Serial communication remains a cornerstone in embedded and IoT systems due to its simplicity, reliability, and hardware-level support. However, developers new to serial protocols often face a persistent challenge: even when the sender transmits data in structured packets, the receiver frequently ingests incomplete, concatenated, or fragmented data streams. This phenomenon — known as frame stick (multiple frames merged) or frame split (a single frame fragmented across multiple reads) — is inherent to the byte-stream nature of serial transport.
1. Root Causes of Frame Stick and Frame Split
Unlike network protocols where the transport layer guarantees packet boundaries, serial communication exposes the underlying byte stream directly to the application. Without explicit framing, there is no built-in mechanism to delimit individual messages.
- Frame stick occurs when two or more frames are received in a single read, e.g.,
0xAA 0x01 0x02 0x55 0xAA 0x03 0x04 0x55appears as one continuous chunk. Common in high-frequency transmission or delayed read loops. - Frame split happens when a single frame spans multiple reads — e.g.,
0xAA 0x01in one event,0x02 0x55in the next. Prevalent at low baud rates or with large payloads.

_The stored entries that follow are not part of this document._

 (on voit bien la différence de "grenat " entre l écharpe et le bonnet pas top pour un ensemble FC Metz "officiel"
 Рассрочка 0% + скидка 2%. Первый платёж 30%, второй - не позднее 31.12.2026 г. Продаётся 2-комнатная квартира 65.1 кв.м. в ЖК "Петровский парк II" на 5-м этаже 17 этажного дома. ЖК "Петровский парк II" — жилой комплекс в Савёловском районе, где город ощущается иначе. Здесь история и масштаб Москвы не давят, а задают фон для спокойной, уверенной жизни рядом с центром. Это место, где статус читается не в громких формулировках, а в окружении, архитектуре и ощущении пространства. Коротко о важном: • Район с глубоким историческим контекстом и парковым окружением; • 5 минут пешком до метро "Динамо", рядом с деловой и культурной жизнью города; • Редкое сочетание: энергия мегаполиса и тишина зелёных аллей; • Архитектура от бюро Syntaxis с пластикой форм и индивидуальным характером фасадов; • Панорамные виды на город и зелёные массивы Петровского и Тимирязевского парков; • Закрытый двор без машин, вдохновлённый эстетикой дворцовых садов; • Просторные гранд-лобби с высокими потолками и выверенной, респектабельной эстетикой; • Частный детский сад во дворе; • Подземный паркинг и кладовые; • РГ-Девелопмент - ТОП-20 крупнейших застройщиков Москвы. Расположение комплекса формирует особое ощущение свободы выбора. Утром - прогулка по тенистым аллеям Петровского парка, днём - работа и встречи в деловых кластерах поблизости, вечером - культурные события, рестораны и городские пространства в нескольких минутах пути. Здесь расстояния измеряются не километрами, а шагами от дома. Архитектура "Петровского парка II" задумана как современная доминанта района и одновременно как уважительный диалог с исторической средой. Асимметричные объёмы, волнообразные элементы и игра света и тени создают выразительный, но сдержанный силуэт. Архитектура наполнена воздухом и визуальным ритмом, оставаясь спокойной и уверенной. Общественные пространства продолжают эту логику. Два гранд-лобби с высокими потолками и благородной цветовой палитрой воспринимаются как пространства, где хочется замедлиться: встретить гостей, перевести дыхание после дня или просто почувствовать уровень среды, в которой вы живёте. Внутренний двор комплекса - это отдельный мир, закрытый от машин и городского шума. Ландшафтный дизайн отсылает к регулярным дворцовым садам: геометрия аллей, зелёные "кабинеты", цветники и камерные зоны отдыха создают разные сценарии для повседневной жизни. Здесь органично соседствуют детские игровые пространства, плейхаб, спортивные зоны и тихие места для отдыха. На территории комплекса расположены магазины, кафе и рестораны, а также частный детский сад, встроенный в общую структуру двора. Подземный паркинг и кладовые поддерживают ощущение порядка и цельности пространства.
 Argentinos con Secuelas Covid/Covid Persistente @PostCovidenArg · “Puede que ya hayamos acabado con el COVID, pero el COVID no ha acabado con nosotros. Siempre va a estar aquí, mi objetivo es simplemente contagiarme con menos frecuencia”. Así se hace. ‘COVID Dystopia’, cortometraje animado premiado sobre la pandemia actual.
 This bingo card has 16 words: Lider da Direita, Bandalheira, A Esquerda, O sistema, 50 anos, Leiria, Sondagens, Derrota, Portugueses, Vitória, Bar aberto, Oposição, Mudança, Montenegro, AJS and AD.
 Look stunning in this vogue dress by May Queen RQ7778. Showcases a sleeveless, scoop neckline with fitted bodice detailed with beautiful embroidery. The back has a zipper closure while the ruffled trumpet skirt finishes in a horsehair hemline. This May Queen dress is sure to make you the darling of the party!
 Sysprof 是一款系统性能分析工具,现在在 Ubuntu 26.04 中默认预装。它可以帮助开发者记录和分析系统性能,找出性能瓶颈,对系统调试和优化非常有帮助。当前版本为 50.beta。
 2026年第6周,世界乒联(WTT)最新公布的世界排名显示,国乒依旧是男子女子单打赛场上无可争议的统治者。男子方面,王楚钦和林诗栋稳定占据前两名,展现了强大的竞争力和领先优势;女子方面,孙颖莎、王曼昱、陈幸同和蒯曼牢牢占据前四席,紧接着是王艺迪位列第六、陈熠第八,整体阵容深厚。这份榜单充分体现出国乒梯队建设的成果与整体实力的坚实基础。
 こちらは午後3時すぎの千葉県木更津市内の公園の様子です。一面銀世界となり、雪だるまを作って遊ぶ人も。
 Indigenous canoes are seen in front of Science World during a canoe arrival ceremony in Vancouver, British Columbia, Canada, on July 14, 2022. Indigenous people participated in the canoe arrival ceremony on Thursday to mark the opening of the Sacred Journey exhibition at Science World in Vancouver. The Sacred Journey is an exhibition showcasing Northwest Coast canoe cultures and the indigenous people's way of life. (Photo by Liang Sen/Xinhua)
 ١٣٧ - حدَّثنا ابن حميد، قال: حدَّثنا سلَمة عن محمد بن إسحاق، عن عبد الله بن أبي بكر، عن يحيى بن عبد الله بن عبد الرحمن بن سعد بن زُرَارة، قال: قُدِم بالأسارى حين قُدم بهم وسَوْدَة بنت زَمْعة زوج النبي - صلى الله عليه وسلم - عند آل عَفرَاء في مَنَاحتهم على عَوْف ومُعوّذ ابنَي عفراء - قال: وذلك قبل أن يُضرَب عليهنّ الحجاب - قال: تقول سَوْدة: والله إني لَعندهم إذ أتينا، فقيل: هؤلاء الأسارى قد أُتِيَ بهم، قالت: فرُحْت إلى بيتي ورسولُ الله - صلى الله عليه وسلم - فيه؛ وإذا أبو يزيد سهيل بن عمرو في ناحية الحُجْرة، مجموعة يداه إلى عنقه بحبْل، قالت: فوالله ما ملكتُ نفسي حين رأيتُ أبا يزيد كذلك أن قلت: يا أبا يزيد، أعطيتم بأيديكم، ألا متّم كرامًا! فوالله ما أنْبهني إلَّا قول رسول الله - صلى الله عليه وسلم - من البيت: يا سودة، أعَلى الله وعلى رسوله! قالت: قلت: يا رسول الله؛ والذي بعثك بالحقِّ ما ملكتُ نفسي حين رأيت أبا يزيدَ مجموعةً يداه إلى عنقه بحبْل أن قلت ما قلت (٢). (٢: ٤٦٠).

Contributing factors include:
- Hardware FIFO buffering behavior
- OS scheduling granularity
- Asynchronous sender/receiver timing
- Absence of application-layer framing rules
In a real-world project involving multi-sensor environmental monitoring, unhandled framing led to misaligned readings: humidity values were overwriten by adjacent sensor IDs, and temperature readings drift due to payload misassociation.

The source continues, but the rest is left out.